Due to the overwhelming evidence that high concentrations of cow’s milk whey protein and bovine IgG add to the symptoms of colic in infants, the major suggestion is for mother’s to exclusively breastfeed their infants and maintain strict avoidance of cow’s milk in their own diets
. But there is still evidence that can only conclude short-term beneficial changes through alternative milk sources
, so there exists research that suggests parental counseling has greater benefit to families of colicky babies
In an intervention lasting only one week, mother’s who strictly avoided cow’s milk in their diet had their infants show improvement by an average of 31% less crying and fussing per day
. This significant difference was found in cry and fuss time between first and last two days of the intervention. Here, not only were mothers logging their diets; they were also required to chart infant behavior each day on a 15 minute segmented timeline. This strengthened the study by ensuring that documentation had greater accurarcy throughout the entire study period by making intervals so short. In comparison to all treatment conclusions, the improvement rate remains at only 31%, suggesting this too as a short-term solution.
When evaluating counseling interventions in comparison to maternal avoidance diets, the implications may have greater long-term effects. Bruce Taubman, MD, investigated the relationship between not only changing the mother’s diet to cow’s milk avoidance, but also adding instruction to parents on how to respond to their infant’s crying
. After a 9 day intervention, groups who were
counseled through reactions to their infants fussing and crying had significantly decreased average crying time when compared to a control group of no counseling. Comparable to most infant crying measures, the parents were required to monitor the changes themselves. In this study, however, the reports were handed in daily and participants discussed and confirmed observations through telephone interviews. This method seems to be stronger because it requires parents to reflect on their observations and re-analyze their descriptions given.

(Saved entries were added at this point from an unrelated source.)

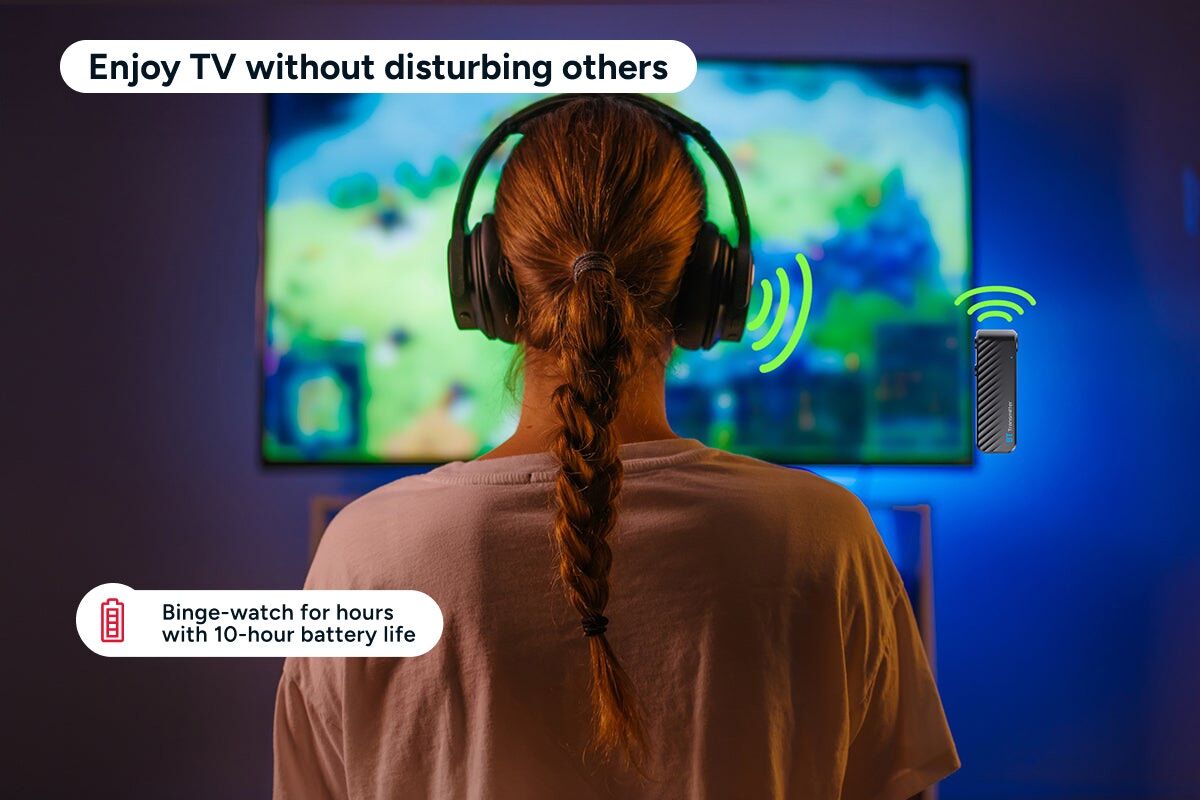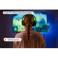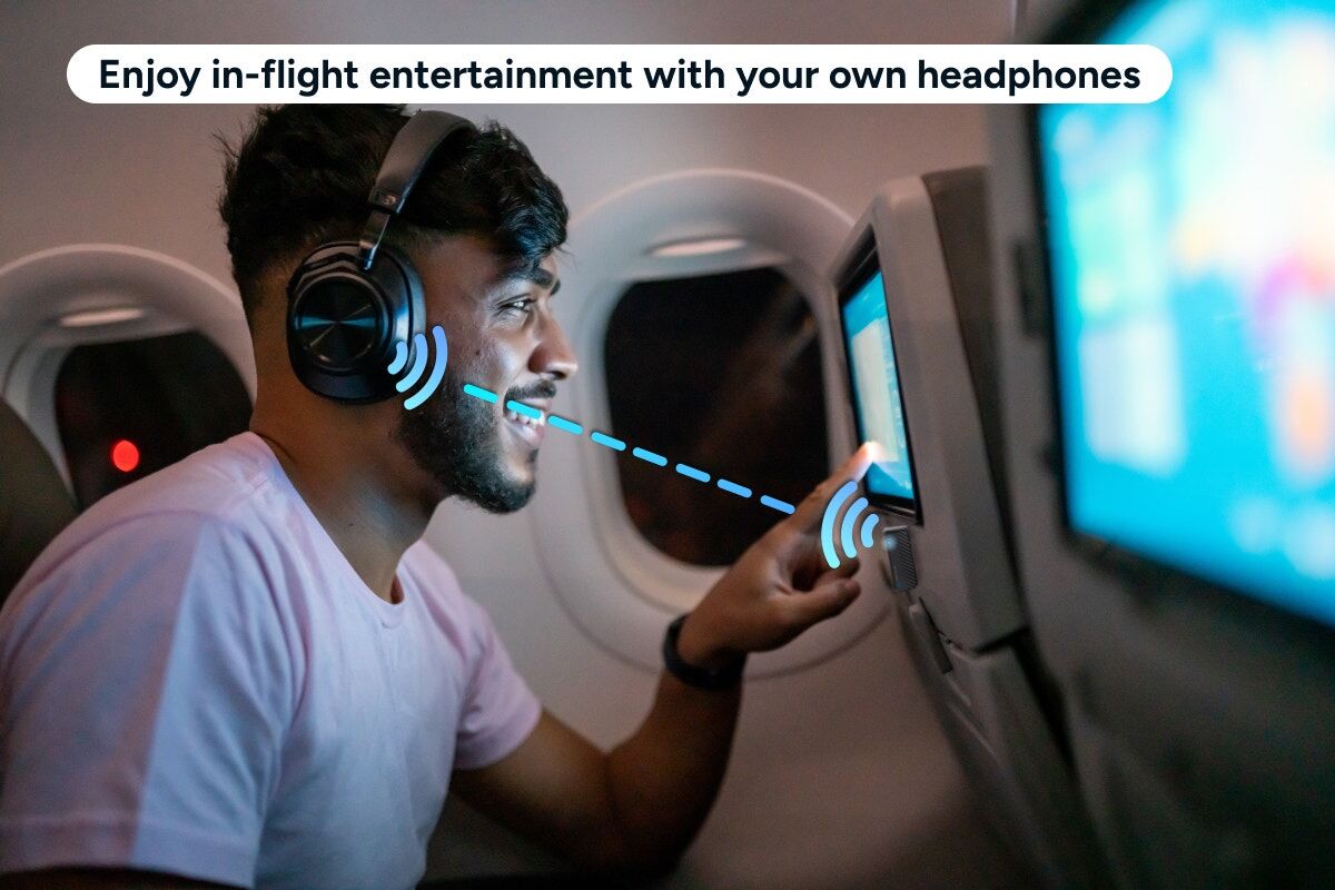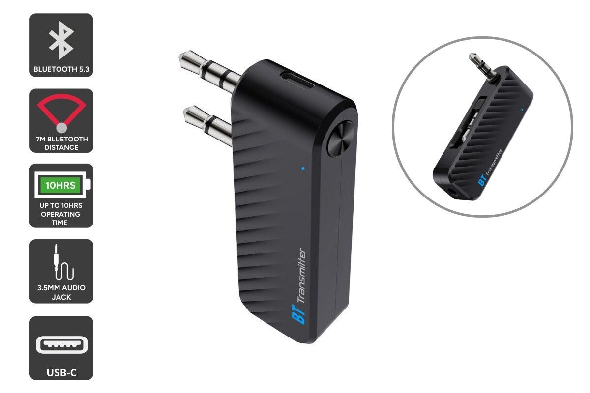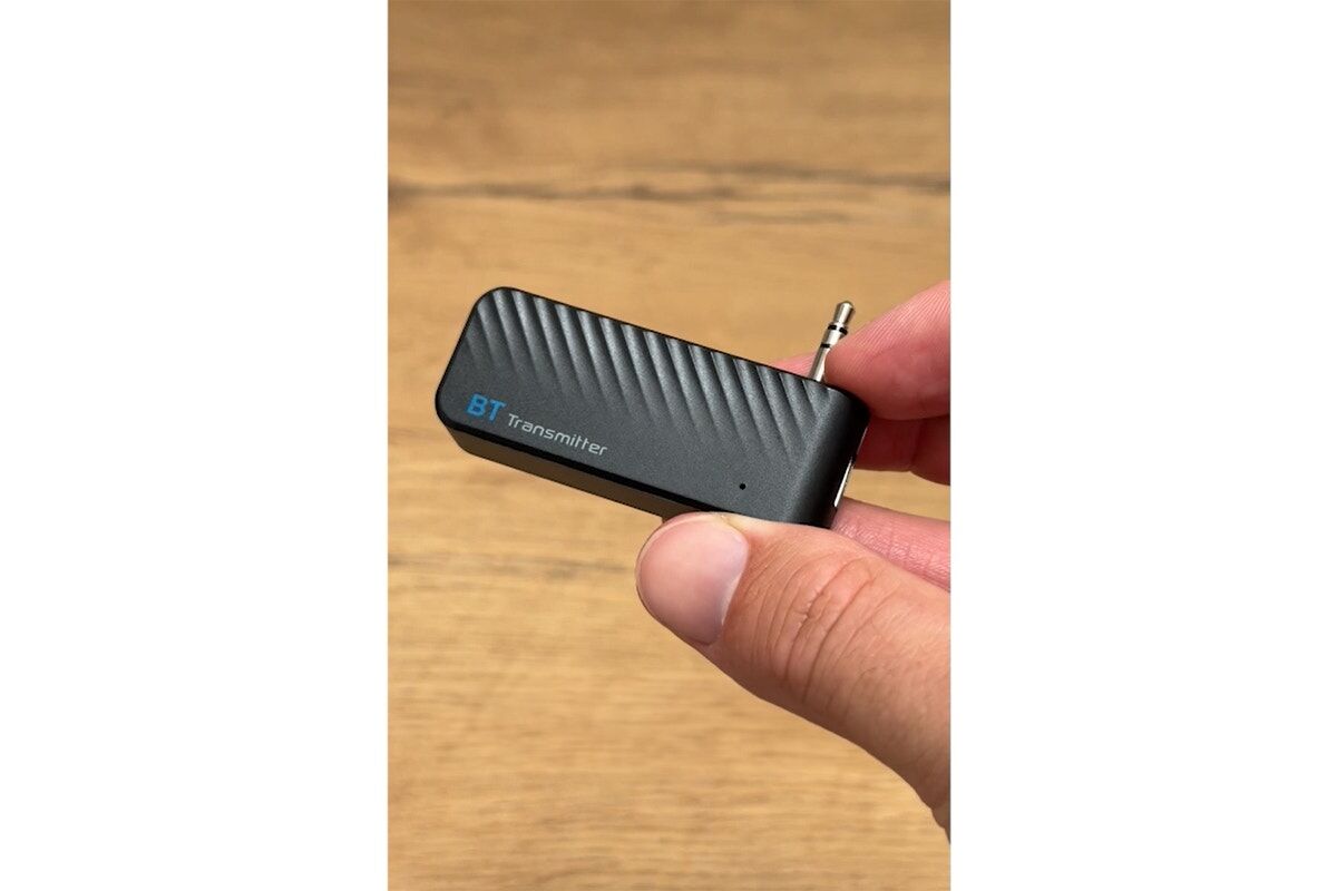 This compact audio transmitter wirelessly connects non-Bluetooth devices like TVs, in-flight entertainment, gym machines and gaming systems to your Bluetooth headphones, giving you the freedom to enjoy high-quality sound without cords or hassle.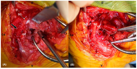 (A) The intraoperative photograph shows fibrotic (black arrow) and indistinguishable lesions of the right sciatic nerve. Note the intact proximal ending of sciatic nerve (white arrow). (B) Neurorrhaphy was performed by using multiple epineural sutures after debridement of the damaged nerve. SC: sciatic nerve, IO: internal obturator muscle, VL: vastus lateralis muscle, GT: greater trochanter, Cr: cranial, Cd: caudal, D: dorsal, V: ventral.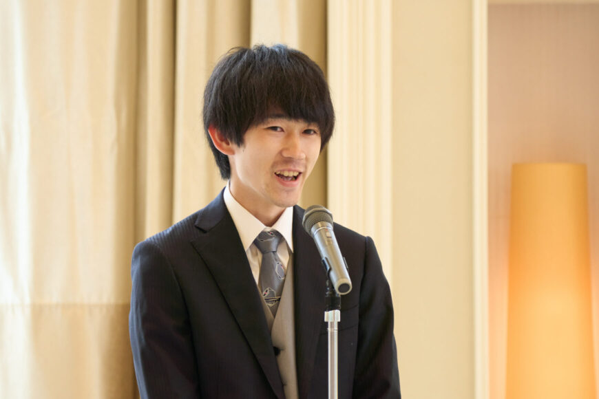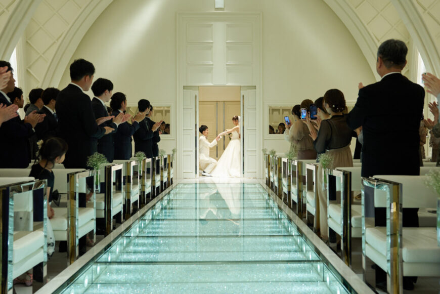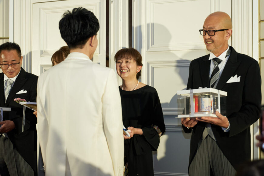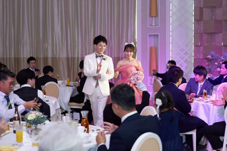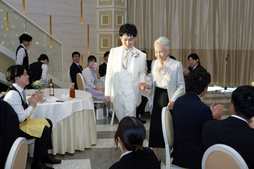 会場のゲストの皆様も、その姿に自然と笑顔になり、温かな拍手が広がります。

My evaluation of this material is that infantile colic is a common, short-lived syndrome that occurs most frequently in infants less than 3 months old. There is a large body of research that supports the negative effects of multiple proteins within cow’s milk that contribute to the ill-defined syndrome. Those proteins that have been determined beneficial, soy and hydrolyzed casein, are only supportive of short-term treatments. Solutions to colic are generally: let it run its natural course since it is short-lived, change to non-cow’s milk formulas, or have the mother strictly avoid cow’s milk in her diet and exclusively breastfeed. As there is not one mold to stick to here, my suggestion from this body of research would be for mothers of colicky infants to first seek counseling in order to understand how to better respond to their infants cries. When the infant begins to experience severe colic symptoms I would advocate eliminating cow’s milk from the mother’s diet and exclusively breast feeding since bovine IgG proteins are prevalent in high quantities in commercial cow’s milk formulas and diets of mothers consuming cow’s milk. All in all, while the excessive fussing and crying is distressing to both infant and mother, the research suggests several short-term changes that may help with the disappearance of the syndrome. This information has huge implications for registered dietitians with clients who have colicky infants.